Reduce memory usage of urllib.unquote and unquote_to_bytes #88500

mustafaelagamey · 2021-06-07T15:07:39Z

BPO	44334
Nosy	@terryjreedy, @gpshead, @orsenthil, @mustafaelagamey
PRs	bpo-44334: Use bytearray in urllib.unquote_to_bytes #26576

^{Note: these values reflect the state of the issue at the time it was migrated and might not reflect the current state.}

Show more details

GitHub fields:

assignee = None
closed_at = None
created_at = <Date 2021-06-07.15:07:38.990>
labels = ['extension-modules', '3.11', '3.9', '3.10', 'performance']
title = 'Use bytearray in urllib.unquote_to_bytes'
updated_at = <Date 2021-06-07.20:09:11.522>
user = 'https://github.com/mustafaelagamey'

bugs.python.org fields:

activity = <Date 2021-06-07.20:09:11.522>
actor = 'gregory.p.smith'
assignee = 'none'
closed = False
closed_date = None
closer = None
components = ['Extension Modules']
creation = <Date 2021-06-07.15:07:38.990>
creator = 'eng.mustafaelagamey'
dependencies = []
files = []
hgrepos = []
issue_num = 44334
keywords = ['patch']
message_count = 2.0
messages = ['395280', '395281']
nosy_count = 4.0
nosy_names = ['terry.reedy', 'gregory.p.smith', 'orsenthil', 'eng.mustafaelagamey']
pr_nums = ['26576']
priority = 'normal'
resolution = None
stage = 'patch review'
status = 'open'
superseder = None
type = 'performance'
url = 'https://bugs.python.org/issue44334'
versions = ['Python 3.9', 'Python 3.10', 'Python 3.11']

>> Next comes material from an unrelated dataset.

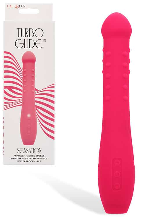 Turn things up with the Turbo Glide Sensation Classic Vibrator, your ticket to textured thrills and deep, toe-curling vibes.
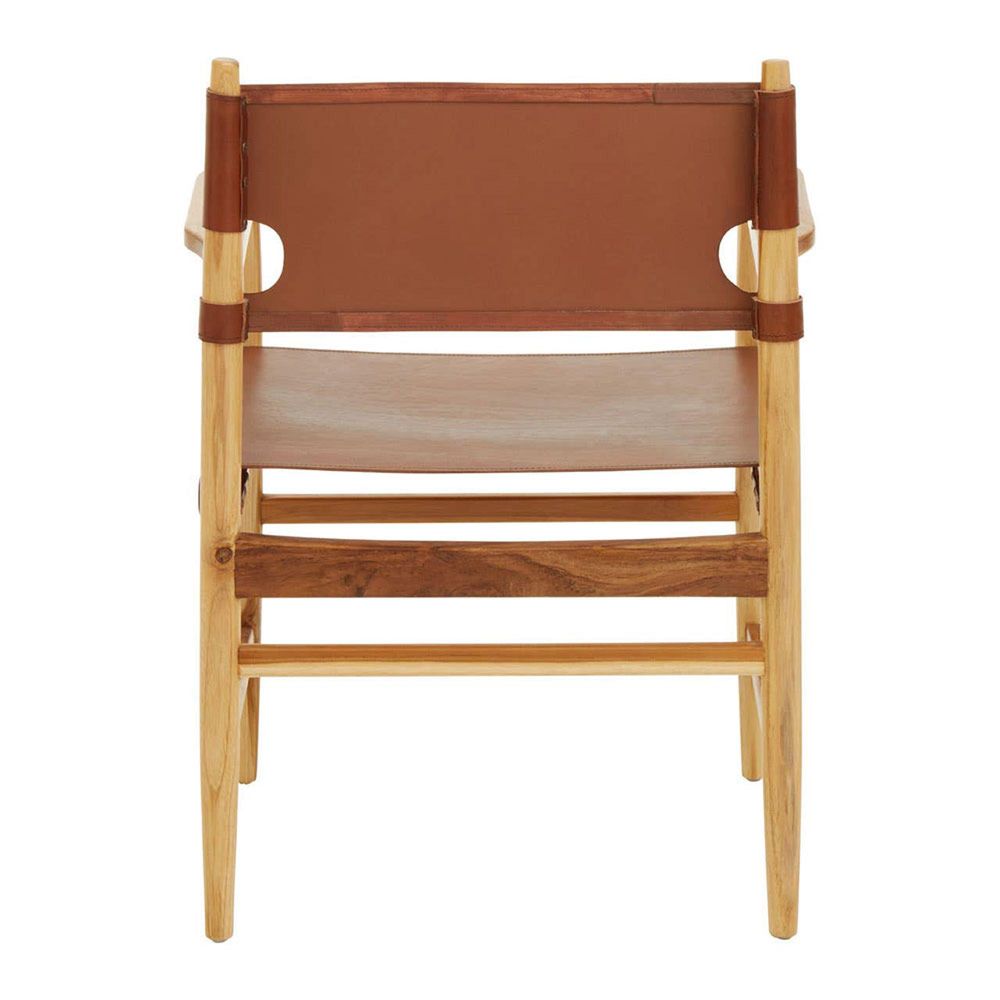 Item Code: 5528408 Minimal yet practical, this leather chair channels a vintage charm to the living area.The frame of this chair is handcrafted expertly from teak wood, and the natural tonal variation will lend a rustic charm to the area. The clean-lined frame of this chair is wrapped with antique brown cow leather to ensure a relaxed sitting experience.

PR: gh-88500: Reduce memory use of urllib.unquote #96763

The text was updated successfully, but these errors were encountered:

terryjreedy · 2021-06-07T19:42:17Z

'eng' claimed in original title that "urllib.parse.parse_qsl cannot parse large data". On original PR, said problem with 6-7 millions bytes.

Claim should be backed up by a generated example that fails with original code and succeeds with new code. Claims of 'faster' also needs some examples.

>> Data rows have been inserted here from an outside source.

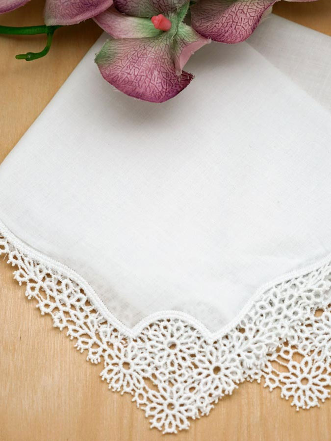 Home » Wedding Handkerchiefs » Lace Edges » HLWC-007
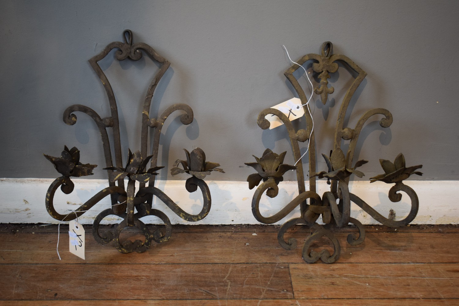 A PAIR OF FRENCH PROVINCIAL WROUGHT IRON WALL SCONCES (45H X 40W CM)
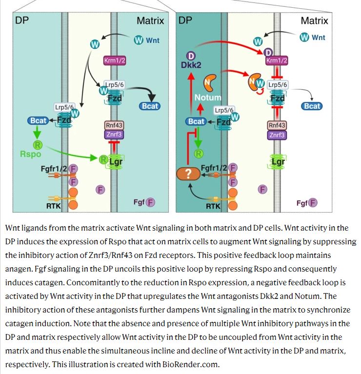Here is what happens in mice when you keep Wnt signaling high in the DP and silence FGFR1/2, delaying the reduction of R-spondins and the onset of catagen.
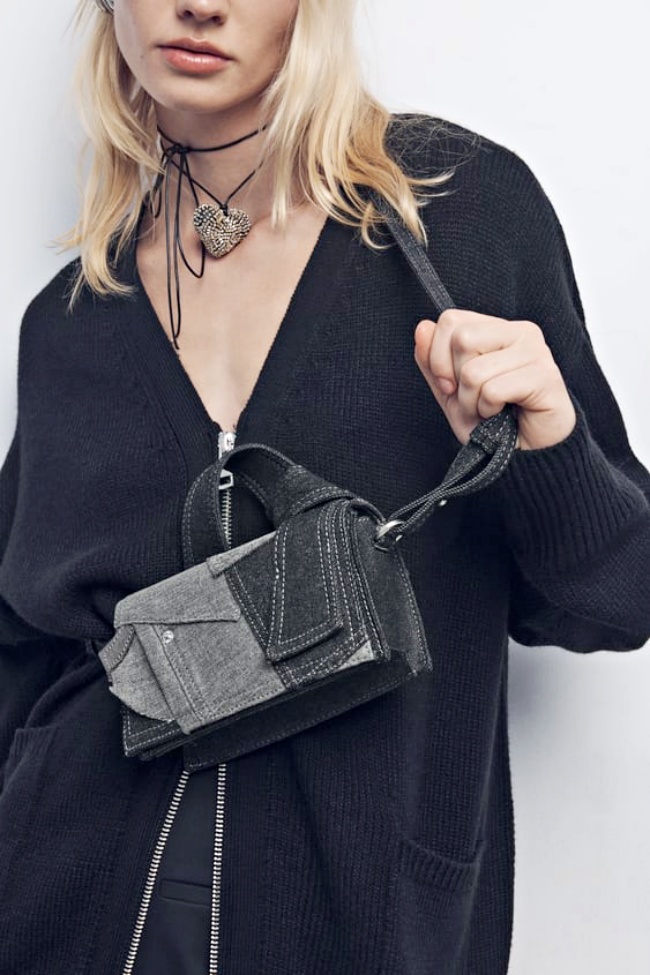 不收藍色系丹寧也可以!ZARA本季也大玩拼接,這款迷你手提包選擇的就是帥度更高的「灰色系牛仔布料」,以「立體層疊」的效果時髦組合成包面,還能看到細節處的白色車縫線,就連提帶都很獨特,採用打結方式的寬版設計,帥歐逆們一定要來一咖~
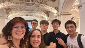 Lunch was enjoyed in a local restaurant alongside the Spanish delegation, providing an opportunity for informal exchange and reflection. Afterwards, students spent time in the Plaza Mayor, where they purchased souvenirs and captured group photos to commemorate the experience.
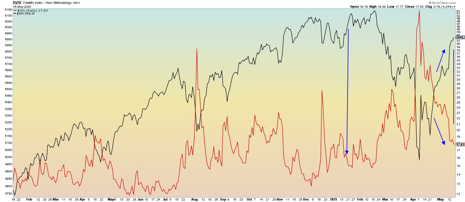 We were not interested in picking the top in the VIX, but instead looking for a smooth move down, which confirmed that the trend was lower. We received that signal not long after the VIX peaked, and it has been a steady move down since, right to the 17% level from late March. Markets are up significantly over the last month.
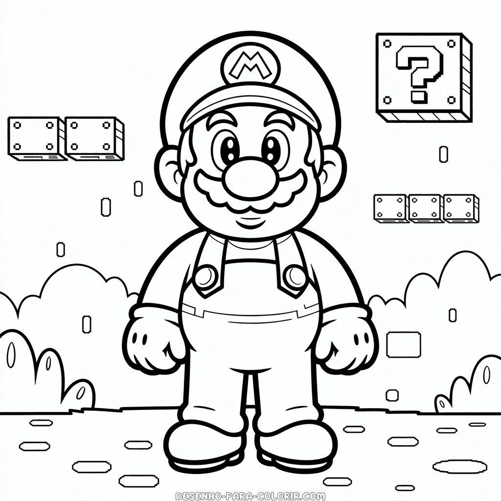 Desenho para colorir grátis do Jogo do Mario, destacando o famoso personagem com seu icônico chapéu vermelho e bigode. Imprima e colora esta imagem do mundo incrível do Mario para crianças. Imagem PNG de alta qualidade, em preto e branco, otimizada para impressão em PDF formato A4.
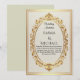 Una invitación de bodas de lujo con un marco floral dorado ornamentado, fondo de marfil, y elegante silueta de novia y novio en oro resplandeciente. Perfecto para parejas que buscan una elegancia atemporal y un estilo de papelería boda de primera calidad.

Original PRs must nearly all propose merging a branch created from main into main. Performance enhancements are often not backported.

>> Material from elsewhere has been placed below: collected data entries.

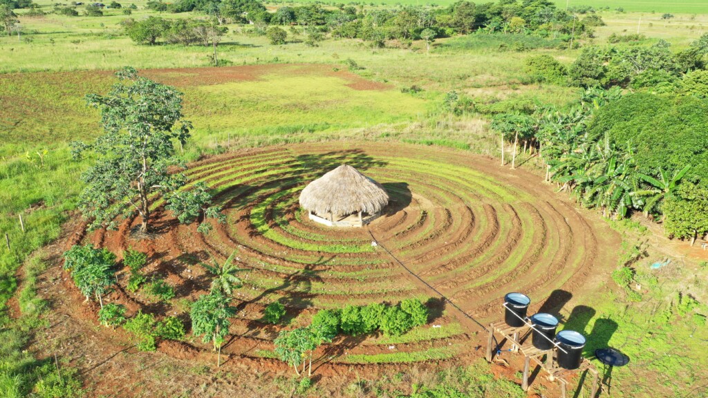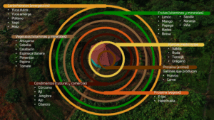- Diseño circular tipo mandala, que optimiza el uso del espacio, facilita el manejo del agua y promueve la biodiversidad mediante cultivos sucesionales y complementarios.
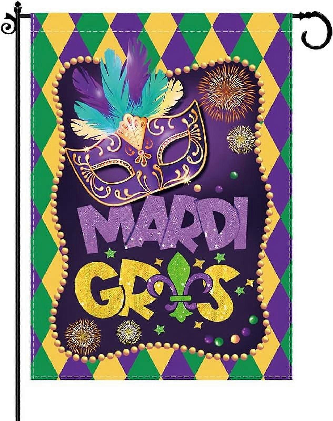 Mardi Gras Garden Flag - Fleur De Lis & Masquerade Mask, Double Sided Burlap, 12.5x18 Inch, Yard Decoration
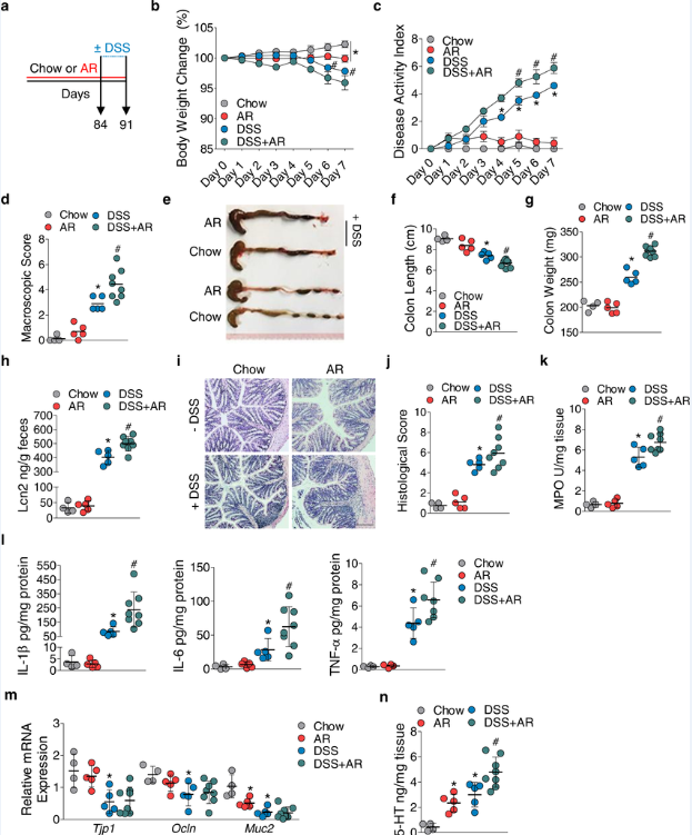 食品中的化學物質(zhì)被廣泛使用,從而導致了人類大量的暴露,誘惑紅(AR,Allura Red AC)就是一種非常常見的合成著色劑(synthetic colorant),然而,研究人員并不清楚其對結(jié)腸炎的影響效應。近日,一篇發(fā)表在國際雜志Nature Communications上題為“Chronic exposure to synthetic food colorant Allura Red AC promotes susceptibility to experimental colitis via intestinal serotonin in mice”的研究報告中,來自麥克馬斯特大學等機構的科學家們通過研究發(fā)現(xiàn),長期攝入誘惑紅食物染料或會潛在誘發(fā)機體炎性腸病的發(fā)生,文章中,研究人員利用炎性腸病實驗性動物模型進行研究后發(fā)現(xiàn),持續(xù)暴露于誘惑紅或會損傷機體腸道健康并促進機體炎癥發(fā)生。

gpshead · 2021-06-07T20:09:04Z

fwiw this sort of thing may be reasonable to backport to 3.9 as it is more than just a performance enhancement but also a resource consumption bug and should result in no behavior change.

"""
In case of form contain very large data ( in my case the string to parse was about 6000000 byte )
Old code use list of bytes during parsing consumes a lot of memory
New code will use bytearry , which use less memory
""" - text from the original PR

iritkatriel · 2022-09-11T10:20:22Z

The PR was closed due to technicalities (pointing to the wrong branch, CLA) and the OP didn’t follow up.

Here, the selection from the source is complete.